Antaeotricha enodata

Scientific classification
- Domain: Eukaryota
- Kingdom: Animalia
- Phylum: Arthropoda
- Class: Insecta
- Order: Lepidoptera
- Family: Depressariidae
- Genus: Antaeotricha
- Species: A. enodata
- Binomial name: Antaeotricha enodata Meyrick, 1916

= Antaeotricha enodata =

- Authority: Meyrick, 1916

Species of moth

Antaeotricha enodata is a species of moth of the family Depressariidae. It is found in French Guiana.

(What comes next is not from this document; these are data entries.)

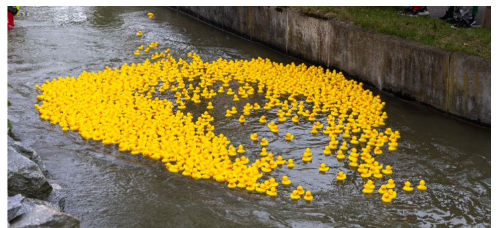
Ein Schnappschuss vom Vöhringer Entenrennen 2024.
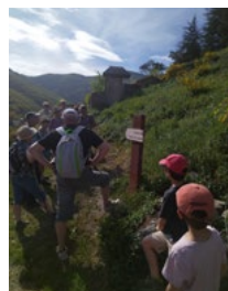
Rando Arreau- Jézeau
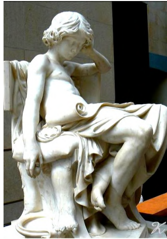
Charles Degeorge, La Jeunesse d'Aristote (1875), Paris, Musée d'Orsay

The wingspan is 24–27 mm. The forewings are grey with a basal patch of fuscous suffusion, browner towards the dorsum, the edge running from one-fourth of the costa to one-third of the dorsum, rather irregular. There is a suffused white patch occupying more or less the width of the costal area from this to beyond the middle and a very irregular rather curved whitish streak from three-fifths of the costa to four-fifths of the dorsum, sometimes partially confluent in the disc with the preceding. A small cloudy dark fuscous spot is found on the dorsum beyond the middle and there is a slightly curved cloudy white line from four-fifths of the costa to the tornus, somewhat indented near the costa. There is also a cloudy white line along the termen. The hindwings are rather dark grey, with the costa rather expanded from the base to two-thirds, with a strong broad projection of rough scales before the middle suffused with grey beneath, and a long whitish subcostal hairpencil from the base lying beneath the forewings.